● Data below
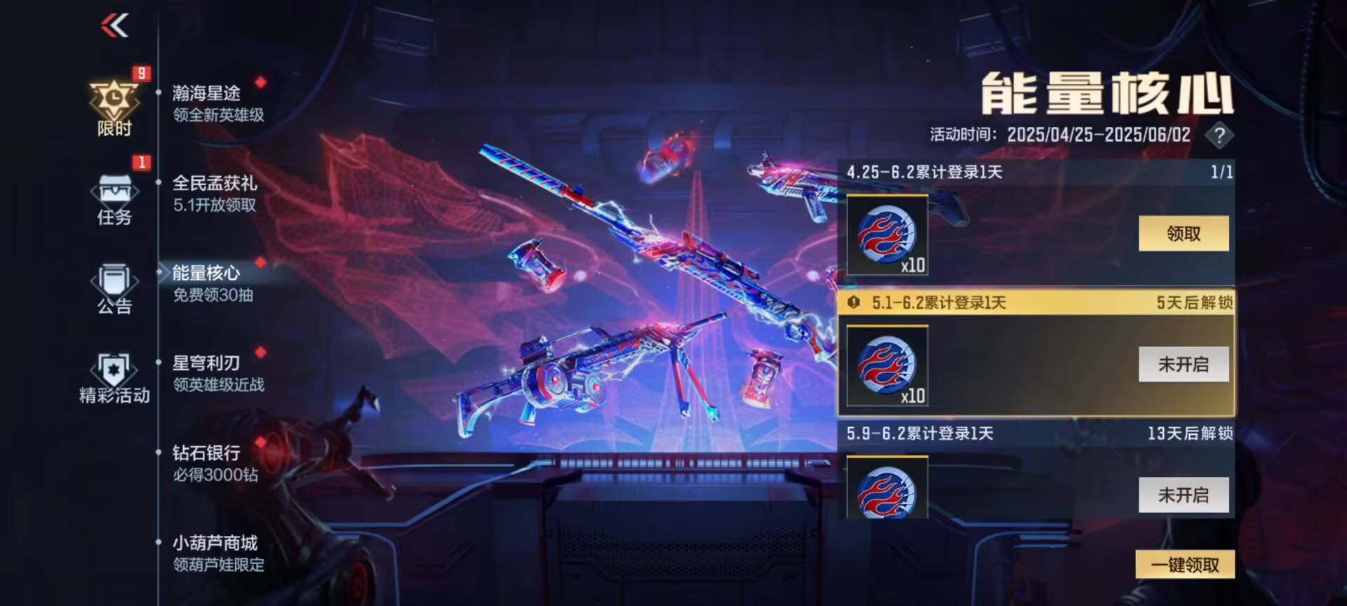 随着能量核心钻石夺宝的上线,能量核心送抽活动也同步上线。在规定时间登录游戏即可直接领取能量核心抽奖币,大家一定要看清楚登录时间,不要错过哦!你是不是那个一发入魂的欧皇呢?
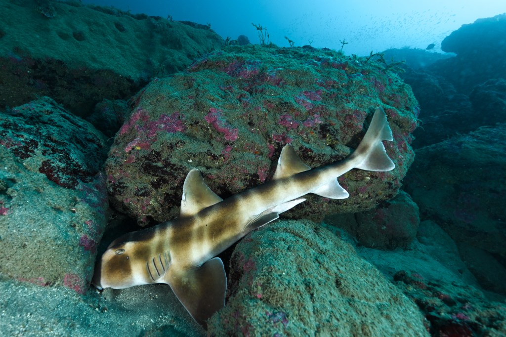 勝浦エリアでは、ポイントで棚沿いによく見かけるネコザメ。
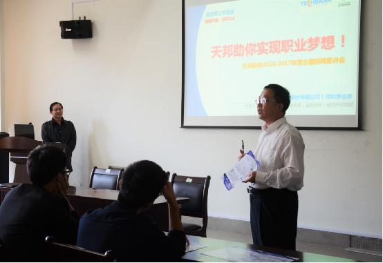 11月4日中午12::30,宁波天邦股份有限公司招聘宣讲在海科楼263准时开始。首先,董伟义老师发表了讲话,他给予了同学们美好的祝愿,并且讲解了现在的就业形势,希望大家抓住每一个机会,为自己的人生做好充分准备。 公司工作人员随后对公司进行了一个系统的介绍,向同学们解释了薪资待遇,企业理念等等方面,并阐述了天邦公司比同类型的公司强在哪里,表达了对人才的渴望。
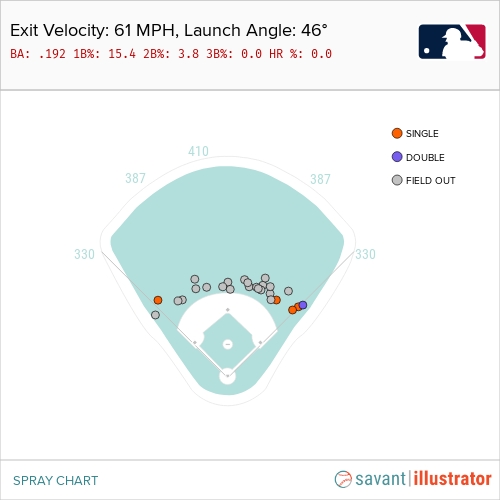 And that one run? Just to prove that baseball is the cruelest sport, it came on a doinker down the left field line just out of reach of Royals’ third baseman Emmanuel Rivera. It had an exit velocity of 61 MPH and a launch angle of 46 degrees. According to Baseball Savant, batted balls with that profile have an expected batting average of .160. This is where those batted balls land.

● To do
Leaving every picture out, write out exactly the lines from the beginning of the listing above to the line with "11月4日中午12::30,宁波天邦股份", inclusive.

● Answer area
 随着能量核心钻石夺宝的上线,能量核心送抽活动也同步上线。在规定时间登录游戏即可直接领取能量核心抽奖币,大家一定要看清楚登录时间,不要错过哦!你是不是那个一发入魂的欧皇呢?
 勝浦エリアでは、ポイントで棚沿いによく見かけるネコザメ。
 11月4日中午12::30,宁波天邦股份有限公司招聘宣讲在海科楼263准时开始。首先,董伟义老师发表了讲话,他给予了同学们美好的祝愿,并且讲解了现在的就业形势,希望大家抓住每一个机会,为自己的人生做好充分准备。 公司工作人员随后对公司进行了一个系统的介绍,向同学们解释了薪资待遇,企业理念等等方面,并阐述了天邦公司比同类型的公司强在哪里,表达了对人才的渴望。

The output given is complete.